Unattended Workstations: Managing Unattended Workstations on the IBM i
Do you fail to sign off (logoff) when you walk away from your desk? Doing so leaves you vulnerable to risks both internally and externally that can be devastating to both you and your company.
Unsecured unattended workstations allow anyone walking by to use your workstation ID and even your user ID to access the system. All activity done by this person will be recorded as done by you!
Fear not, these risks can be easily averted with with a few simple fixes. There are two system values provided by IBM that can help secure your workstation. The values allow you to assign a fixed timeout period for the workstation, so it sits idle without anyone pressing the enter key or a function key before the system takes a predetermined action.
IBM offers a system wide (applies to everyone) way to control people that walk away leaving their IBM i sessions logged on. Enter system value QINACTITV then enter the inactivity period below to trigger note: This is only for LOCAL JOBS not remote telnet sessions or display station pass-through.

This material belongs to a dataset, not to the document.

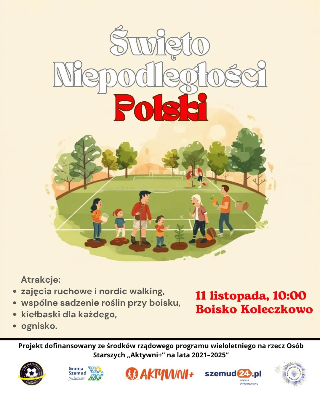 Mieszkańcy, którzy chcą aktywnie i rodzinnie uczcić Święto Niepodległości, są zaproszeni również na boisko w Koleczkowie. W ramach programu „Aktywni+” zaplanowano szereg bezpłatnych atrakcji, które łączą ruch, ekologię i integrację międzypokoleniową.

As seen below, the system value QINACTMSGQ allows you to define a message queue to receive the message CPI1126 alerting of this condition (indicating the job ID and subsystem the job is running in), or ending the job running at the workstation or temporarily disconnecting the job, if disconnecting is possible.
Though the IBM solution helps secure the workstation, IBM provides no way to have individual settings for workstations or user profiles or programs. No way to customize this inactivity action.
SEA’s iSecurity SCREEN product will allow you to customize how the system deals with inactive workstations. You can define exceptions for users, work stations or programs.
When using iSecurity SCREEN, use the command STRSCN to access the product menu.
Option 1 is used for setting the time period, which can be altered on various levels, one being day of the week.
Option 11 allows you to define your exception (longer or shorter) for individual users.
Option 12 allows you to define exceptions for a screen or workstation.
If there is one program that runs interactively and may on occasion run for a long time without any keyboard input, iSecurity SCREEN allows you to define an exception for that particular program.